Munich's nightlife is characterised by beer halls, pubs, chic clubs and more beer halls. Altstadt, G_rtnerplatz and Glockenbachviertel in Isarvorstadt are some of the best neighborhoods with vibrant after dark scenes. Munich arguably has the most famous breweries, beer halls and beer gardens, all this aside of the most indulgent beer festival.
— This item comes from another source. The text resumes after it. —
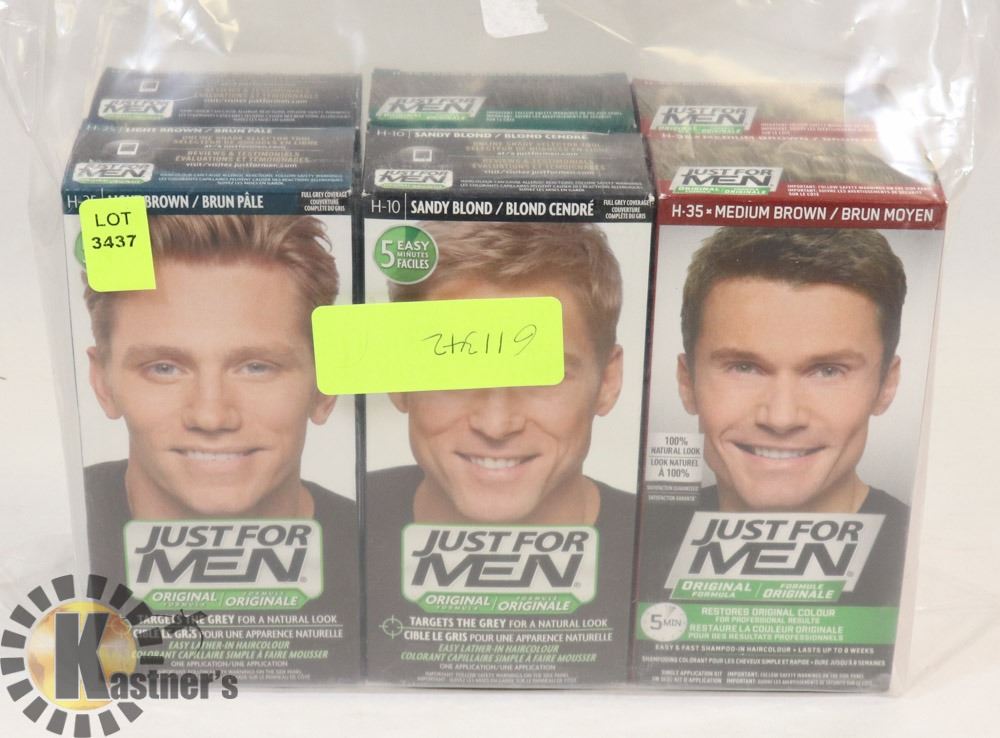 1 BAG OF 6 ASSORTED JUST FOR MEN HAIR DIE
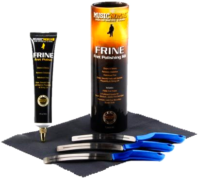 Music Nomad’s FRINE Fret Polishing Kit contains everything you need to give your frets an eye glaring, clean shine. The specially formulated FRINE Fret Polish has micro-fine polishing compounds that safely & quickly remove oxidation, dirt & oil.

Beer gardens stay open until 1 am and atleast 3 am on weekends, irrespective of establishment size. You will be spoilt for choice between the huge lively gardens which could seat hundreds and the mellow small terraces tucked in narrow lanes, each one a particular favourite of the locals. These places allow you to carry your own food to munch on while you soak in the varied brews. Some gardens arrange live jazz nights occasionally. Augustine Keller, the oldest beer garden is a must visit, more so for its traditional charm. Dance clubs are comparatively fewer, cause when in Munich, who don't beer and dance! Disclaimer: Germans don't produce one beverage called 'beer', instead there are some over 5000 varieties! Just remember 'Bier bitte' (beer please).

Munich offers haute couture in Maximilianstrasse, Theatinerstrasse, Residenzstrasse and Brienner Strasse, department and chain stores in the pedestrian enclosure, trendy and flamboyant clothes in town districts, G_rtnerplatz and Glockenbach area, Haidhausen or Schwabing, Bavarian local costumes, handicrafts and souvenirs in specialist shops, delicacies from all over the world at the ViktualienMarket in the heart of the city. Another feature typical of Munich is a large number of small shops concentrating on few articles, like felt, candles or wood carvings, in the centre of the town. Perusastrasse, Residenzstrasse, Brienner Strasse and Odeonsplatz are second names for ultra chic shopping. The shop of the Nymphenburg Porcelain Factory is a must visit for its spectacular collection of porcelain for home decor as well as gifts. Munich being a city of beer, items relating to its consumption are great souveniors and available in great variety. The flea market, Auer Dult (May & July/August & October), is a bargainers delight with an array of crockery, junk and antiques on sale.

The Euro has replaced the Deutsche Mark in Germany.

Reisebank at Hauptbahnhof (Central Exchange), however it charges a massive fee for the same. There are few other institutions for currency exchange which again charge a commission. Hence it is advisable to withdraw Euros using an international credit card or exchange your currency beforehand.

Germany is relatively cheaper than other European countries like UK or France. However if you visit during the Oktoberfest expect higher costs. Owing to the well connected public trains, transportation within Munich is cheap. Food and beverages tend be expensive unless you are eating the wursts at the sausage carts. Entry for places of interest range from moderate to expensive, with a lot of places having free entry. On an average a daily budget of approximately Eur — 65 - 80 should keep you covered for food, beverages, transportation, communication, entertainment.

Christianity, with traces of Islam

Germans prefer using a very formal form of address - use Herr(Mr) or Frau(Mrs) and their surname. Greet people before making any conversation. Maintaining eye contact is important to gain trust and not come off as rude.Switch your moblie phones to silent mode while aboard the S-Bahn and U-Bahn. In Munich it is polite to tip anybody who renders a service to you, in restaurants round off to the nearest Euro always.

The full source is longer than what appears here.